Showtime: 7pm first bell, live television main card beginning at 9pm

26 hours out: Having arrived in town to get settled, I formally greet the commission and inspectors at the weigh ins. Saying hello to fighters and confirming duties for the next day, the goal is to make the next night a comfortable time without any surprises. It's never that smooth but one can at least try...

9am: Happy to have no alarm clock set, I consider the higher priority amongst breakfast, exercise, and mentally recharging to get myself right for an important day.

Noon: Double check my materials and clothing needed to be ready to leave in a few hours for the venue.
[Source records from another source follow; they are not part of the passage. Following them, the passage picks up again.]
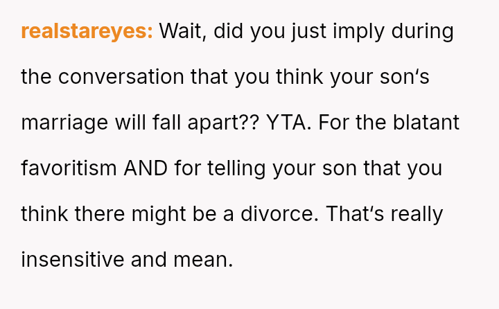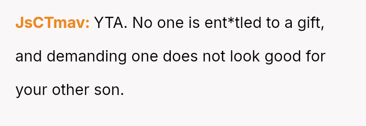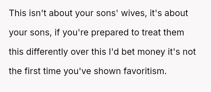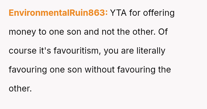 This action created a direct conflict with the other son, who interpreted the offer as clear favoritism, leading to a severe emotional outburst and confrontation.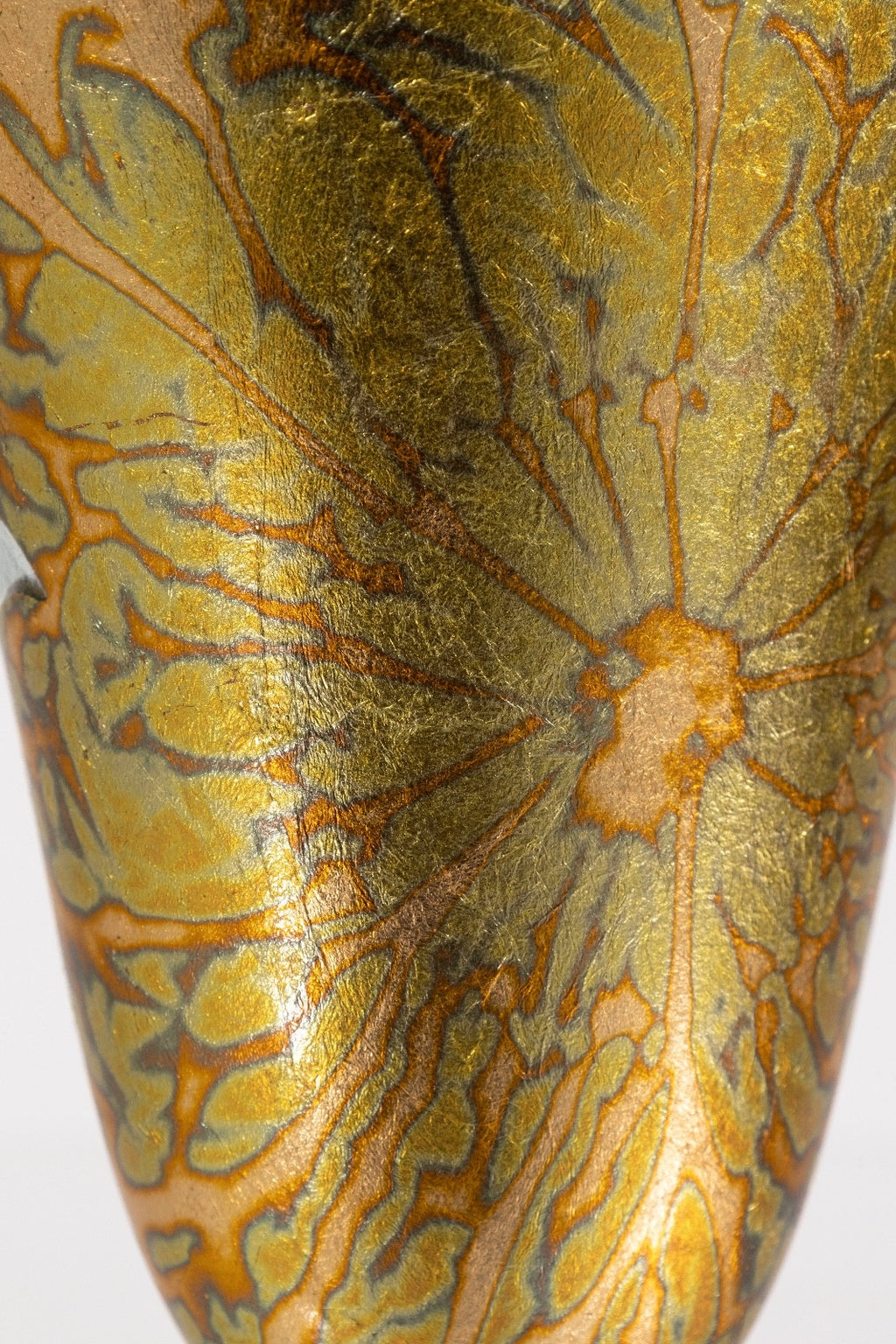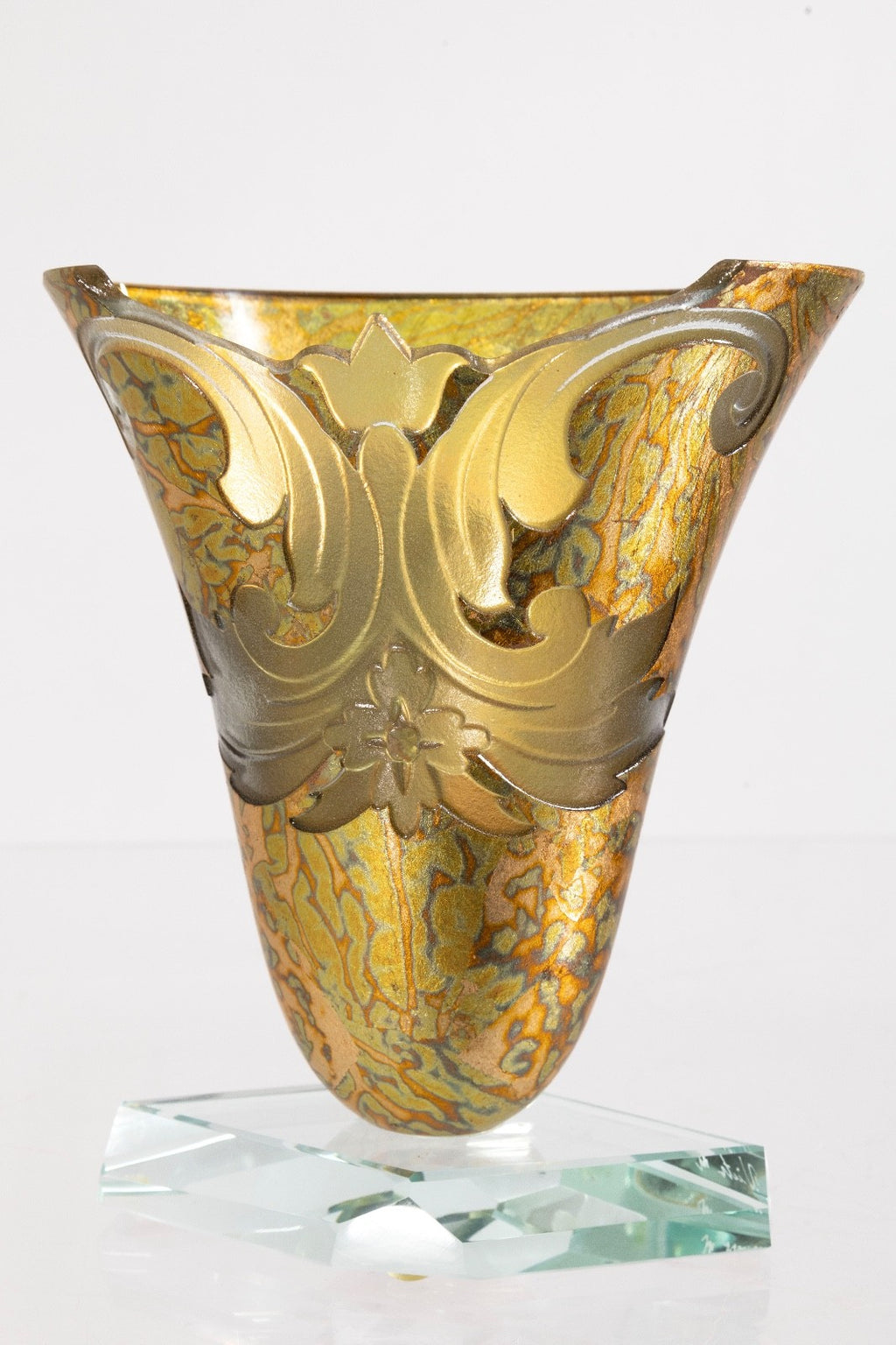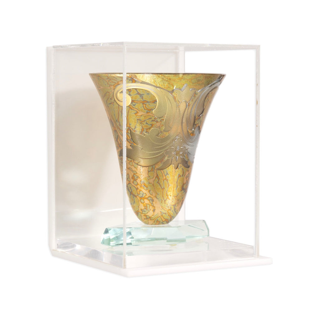 A hand-blown studio art glass vessel by Salvatore Polizzi, dating to the 1990s and signed along the base. The piece features a rich, gold iridescent surface with shifting tones of amber, bronze, and subtle green highlights, overlaid with stylized etched foliate decoration. The iridescence creates a metallic luster that changes with angle and lighting, lending the form a jewel-like presence. The vessel is presented on a stacked glass plinth within a custom clear acrylic display case, elevating it as a sculptural object and protecting the surface from handling. The tapering conical form and delicate surface etching speak to Polizzi’s technical precision and aesthetic refinement within late-20th-century American studio glass. From a private collection. Dimensions: 9"w x 7.75"w x 7"d (case) / 7"h x 5"w x 3"d (vase). In very good condition.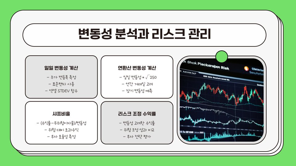 엑셀을 이용하여 수익률을 분석하는 방법 중 전문가들은 통계함수를 활용한 접근을 추천합니다. 예를 들어, AVERAGE 함수와 STDEV 함수를 결합하여 평균 수익률과 변동성을 확인할 수 있습니다. 이로 인해 투자자는 너무 높은 리스크를 감수해야 하는지를 판단할 수 있는 기회를 얻게 됩니다.

1pm: Clean up and organize my to do list for the evening, having already calculated the volume of fighters needing to be taped for battle yet expected a few stragglers to pop up last minute.

2pm: Find food, including a late night snack if needed. This will be the last chance I have to eat for the next 7-8 hours.

3pm: Gather up my outfit, touching up anything necessary to look professional and represent properly.

4pm: After a brief nap or time of relaxation, head down to an awaiting shuttle or personal car to head to the venue.

4:30pm: Get familiar with the venue, looking for needed resources and personnel who can help me succeed tonight including security members or facility staff. If possible, claim a spot cageside to call home for the evening once the lights go bright.

5pm: Confirm my list of fighters needing my assistance, set up my station cageside. Introductions with referee’s and other cage personnel including ringside physician.

5:30pm: Fighter's meeting; clarify my role to the fighters and corners. I need to be a familiar face to them so it's not confusing when it's crunch time.

5:45pm: Change clothes, tape needed fighters, mentally prepare final checklist.

6:50pm: Make my way cageside and get ready to begin. Confirm needs of camera and production people. Finalize expectations with referee’s, commission, and physician.

7pm: Lights up, fists up!

8:30pm: Break in the action from the undercard, but no break for me. Immediately I go backstage to get the final main card fighters ready that scheduled with me.

9pm: Main card begins, live TV starts and it's time for everyone to prove themselves!

11:30pm: A great night ends; I clean up the mess, tend to injuries needing my attention, and say my goodbyes to new friends made. Retreat to a much awaited cozy room and late night food to enjoy on my lap. In some cases prepare for an early departure, but in every case, reminisce on an evening that I'm appreciative to be a part of.

My goal is always to improve the sport and raise the level of expectations of all involved. I look forward to bringing injury prevention and treatment insights as well as discussing behind the scenes observations and opinions from an expert viewpoint.